The second cell, which we will call $C_2$, is in $\Bbb{R}^2$ (so take $k = 1$ for this cell), has $C = C_1$, and is given by (2) in Form 1, $$ \{(x,y) : x \in C_1, -\sqrt{1-x^2} < y < \sqrt{1-x^2}\} \text{.} $$
The third cell is in $\Bbb{R}^3$ (so take $k = 2$) for this cell), has $C = C_2$, and is given by (3) in Form 1, $$ \{((x,y),z) : (x,y) \in C_2, -\sqrt{1 - x^2 - y^2} < z < \sqrt{1-x^2-y^2} \text{.} $$
2/ Yes, $S$ is the set in $\Bbb{R}^3$ given by $x^2 + y^2 + z^2 < 1$.
Regarding $F$-invariance... The use of $F$ in the specification of the cell forms is unrelated to the use of $F$ in $F$-invariance.
In the first cell, we need a polynomial $\hat{F}_1(x)$ that has constant sign on $C_1$. An example if $\hat{F}_1(x) = x^2 - 1$. Notice that this polynomial comes directly from $x^2 + y^2 + z^2 < 1$ by ignoring the $y$ and $z$ terms, $x^2 < 1$, then moving everything to the left: $x^2 - 1 < 0$. This means $\hat{F}_1$ is negative exactly on $C_1$. However, to match the usage in the example, we should negate this: $F_1(x) = 1 - x^2$. Notice that this is exactly the form of $x$ that appears in the bounds of the inequality in the second cell. In particular, $$ -F_1(x) < y^2 < F_1(x) $$ (The existence of these polynomial relations for the boundary of $C_2$ in terms of $F_1(x)$ and $y$ is the content of the text "$F(x,f(x)) = 0$ and $G(x,g(x)) = 0$".)
Continuing this pattern, $F_2(x,y) = 1 - x^2 - y^2$ is positive exactly on $C_2$ and $F_3(x,y,z) = 1 - x^2 - y^2 - z^2$ is positive exactly on $S$. Then the given example CAD is $\{F_1, F_2, F_3\}$-invariant.
3/ Not necessarily. If the quantifier order and the decomposition order do not match, a CAD may not be very helpful in eliminating quantifiers.
This particular example is easy, though since the variables are quantified in the same order as the variable order of the CAD. It is trivial to determine that there is an $x$ satisfying (1). Then, this choice of $x$ gives an interval of choices for $y$ in (2). Then a choice of $y$ in that interval gives an interval of choices for $z$. Notice that this is easy when the variable order $x$, $y$, $z$ is the same as the quantifier order. If we quantify on $z$ first, this CAD is not particularly helpful. If you construct a new CAD with variable order matching quantifier order, this is easy.
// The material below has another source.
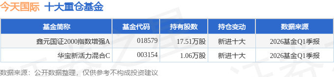 持有今天国际最多的基金为鑫元国证2000指数增强A,目前规模为1.99亿元,最新净值1.5145(4月23日),较上一交易日下跌0.1%,近一年上涨43.66%。该基金现任基金经理为刘宇涛 肖涵。

More discussion of quantification and elimination is present in http://www3.risc.jku.at/publications/download/risc_4231/s65kauers.pdf (Also presented: a nontrivial example and an example of how much changes when you replace the present example of the open unit ball with the closed unit ball.)
4/ Yes. This is immediate. The volume $S$ is exactly given by the CAD, so the question you ask is equivalent to "is integration over $S$ given by this one inequality the same as integration over $S$ given by this CAD?" Yes; they're both $S$.